Who knows what will happen next?

Keith Williams, Guitar and Vocals
(alias PapaGreyBeard)

I’ve been told that when I was two years old, while in the car with my parents, I would say to my mother “you sing Old MacDonald”, to my father “you sing ABC Horsey” and then “I sing This Old Man”. We would ride the roads of Vermont to the cacophony of three different songs being sung at the same time. Apparently it didn’t bother my musical ear in the least.

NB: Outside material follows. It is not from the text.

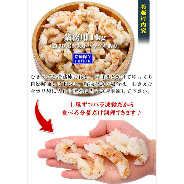 お刺身でも食べられる高鮮度の希少な天然ムキエビの訳あり品が限定入荷!どんな訳ありかと言いますと、寿司ネタ用の赤エビの開き処理をする過程で加工ミスや、形の悪いモノを集めた訳あり品です。ただ、見た目は悪いですが寿司ネタ鮮度なのでお味は抜群!大小バラツキもあるため大特価でご奉仕いたします!殻むきと背ワタ取りの面倒な下ごしらえ不要で、解凍するだけでお刺身やカルパッチョ、エビマヨ、エビフライ…いろんな食べ方でお楽しみ頂けます!業務用たっぷり1kgの大ボリュームで食べ応えも抜群! 冷凍庫にストックしておくと、とても重宝する一品です。 |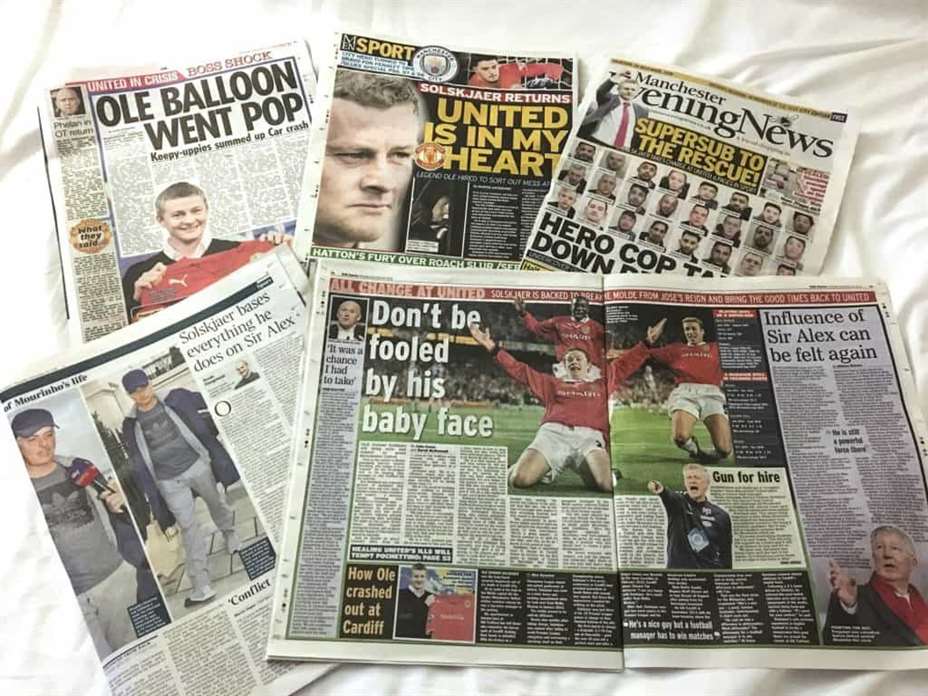 Med vikarjobb i Manchester United er det ikke overraskende at britiske redaksjoner som er hyppigst på Solskjær.

I started playing the Alto Saxophone in about fourth grade. I played Alto and Tenor Sax and Clarinet in school marching and jazz bands into high school.  Sometime in 1966 I got my first guitar.  I have no memory of where it came from or how I got it, but I can remember teaching myself to play the chords. My sister Lynn and I would harmonize on the songs of the 60s – like “Blowin’ in the Wind” and “The Cruel War is Raging”.  I continued to play and teach myself the guitar and eventually picked up an old Kay electric bass. I began my performing career playing bass in the local rock bands of the time.  I liked the bass because I could hide in the shadows towards the back of the band and not be the center of attention.

The first strong musical influences for me were the rock bands of the late ‘60s…The Rolling Stones, Cream, The Allman Brothers Band and others.  When listening to and learning their music I began to research the origins of songs like “Crossroads”, “Love in Vain” and “Statesboro Blues”. I found myself learning about and listening to the likes of Robert Johnson, Blind Willie McTell, Blind Willie Johnson, Rev. Robert Wilkins, Muddy Waters, Elmore James and others. That was the beginning of my deep love of the blues.

After graduating from high school, getting married and having kids my guitar found a comfortable corner and I didn’t play a lot for about 20 years.  Occasionally I would pick it up and play with a friend but my skill level remained about the same as it was when I left high school. In the early 1990s I purchased my first resonator guitar and began to learn the slide guitar of the delta blues.  I’ve been through lots of resonators since then – some say that my buying and selling of guitars is a sickness – but I have learned a lot. There’s still so much more to learn and I plan on learning all I can.

Musically, my first love is still the Delta Blues followed closely by Chicago Blues and other electric blues styles.  I also really enjoy Jazz, Dixieland Jazz, Bluegrass, Folk and many, many other styles of music.  I decided a number of years ago that since I can’t learn to play all of those styles well, I would concentrate on the Blues and only play around with other styles.  I wish I had the raw talent to learn it all but I’ll just have to be content with what I have and keep improving little by little.